At the beginning of class, our Hebrew professor encouraged us to do a little bit of Hebrew every day. “If you really own this from the beginning,” he said, “you can look forward to hayamim hatovim — ‘the good days’ — when you can sit down (just you and that magic bible* they published in 2008) and read the scriptures in Hebrew.”
As I was struggling through a frustrating language exercise tonight — tired and achy from sitting at a desk and looking at a screen all day — I remembered that these days are hayamim hatovim. The good days are still to come, of course (where would we be without that eschatological day?) — but we must remember that everything, as Rilke says, is gestation and bringing forth. The inglorious toil of a dozen small, daily tasks — this is significant work that will bear fruit in time. In this present day of gestation, we must remember to consecrate our work to God, for he will make it good and bring everything to its fullness.

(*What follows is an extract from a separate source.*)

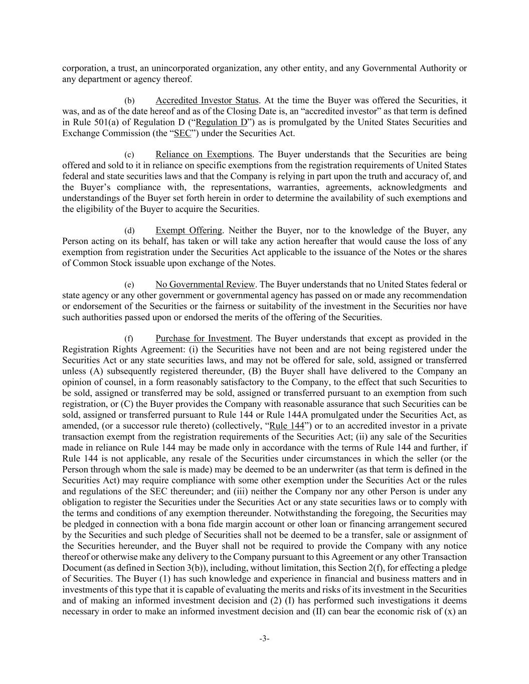 -3- corporation, a trust, an unincorporated organization, any other entity, and any Governmental Authority or any department or agency thereof. (b) Accredited Investor Status. At the time the Buyer was offered the Securities, it was, and as of the date hereof and as of the Closing Date is, an “accredited investor” as that term is defined in Rule 501(a) of Regulation D (“Regulation D”) as is promulgated by the United States Securities and Exchange Commission (the “SEC”) under the Securities Act. (c) Reliance on Exemptions. The Buyer understands that the Securities are being offered and sold to it in reliance on specific exemptions from the registration requirements of United States federal and state securities laws and that the Company is relying in part upon the truth and accuracy of, and the Buyer’s compliance with, the representations, warranties, agreements, acknowledgments and understandings of the Buyer set forth herein in order to determine the availability of such exemptions and the eligibility of the Buyer to acquire the Securities. (d) Exempt Offering. Neither the Buyer, nor to the knowledge of the Buyer, any Person acting on its behalf, has taken or will take any action hereafter that would cause the loss of any exemption from registration under the Securities Act applicable to the issuance of the Notes or the shares of Common Stock issuable upon exchange of the Notes. (e) No Governmental Review. The Buyer understands that no United States federal or state agency or any other government or governmental agency has passed on or made any recommendation or endorsement of the Securities or the fairness or suitability of the investment in the Securities nor have such authorities passed upon or endorsed the merits of the offering of the Securities. (f) Purchase for Investment. The Buyer understands that except as provided in the Registration Rights Agreement: (i) the Securities have not been and are not being registered under the Securities Act or any state securities laws, and may not be offered for sale, sold, assigned or transferred unless (A) subsequently registered thereunder, (B) the Buyer shall have delivered to the Company an opinion of counsel, in a form reasonably satisfactory to the Company, to the effect that such Securities to be sold, assigned or transferred may be sold, assigned or transferred pursuant to an exemption from such registration, or (C) the Buyer provides the Company with reasonable assurance that such Securities can be sold, assigned or transferred pursuant to Rule 144 or Rule 144A promulgated under the Securities Act, as amended, (or a successor rule thereto) (collectively, “Rule 144”) or to an accredited investor in a private transaction exempt from the registration requirements of the Securities Act; (ii) any sale of the Securities made in reliance on Rule 144 may be made only in accordance with the terms of Rule 144 and further, if Rule 144 is not applicable, any resale of the Securities under circumstances in which the seller (or the Person through whom the sale is made) may be deemed to be an underwriter (as that term is defined in the Securities Act) may require compliance with some other exemption under the Securities Act or the rules and regulations of the SEC thereunder; and (iii) neither the Company nor any other Person is under any obligation to register the Securities under the Securities Act or any state securities laws or to comply with the terms and conditions of any exemption thereunder. Notwithstanding the foregoing, the Securities may be pledged in connection with a bona fide margin account or other loan or financing arrangement secured by the Securities and such pledge of Securities shall not be deemed to be a transfer, sale or assignment of the Securities hereunder, and the Buyer shall not be required to provide the Company with any notice thereof or otherwise make any delivery to the Company pursuant to this Agreement or any other Transaction Document (as defined in Section 3(b)), including, without limitation, this Section 2(f), for effecting a pledge of Securities. The Buyer (1) has such knowledge and experience in financial and business matters and in investments of this type that it is capable of evaluating the merits and risks of its investment in the Securities and of making an informed investment decision and (2) (I) has performed such investigations it deems necessary in order to make an informed investment decision and (II) can bear the economic risk of (x) an

At the end of the work day, I am tempted to neglect the exercise of remembrance: to forget that the day is a good gift from God to be returned with thanksgiving. The days are hard. I am tired. I am tired of working full-time and trying to study and write with a headache. Progress is slow. But I am glad — glad for these days to learn the value of things and to love the days as they come.
We’re only a month and a half into Hebrew — but I’m pretty sure I’ve seen hayamim hatovim.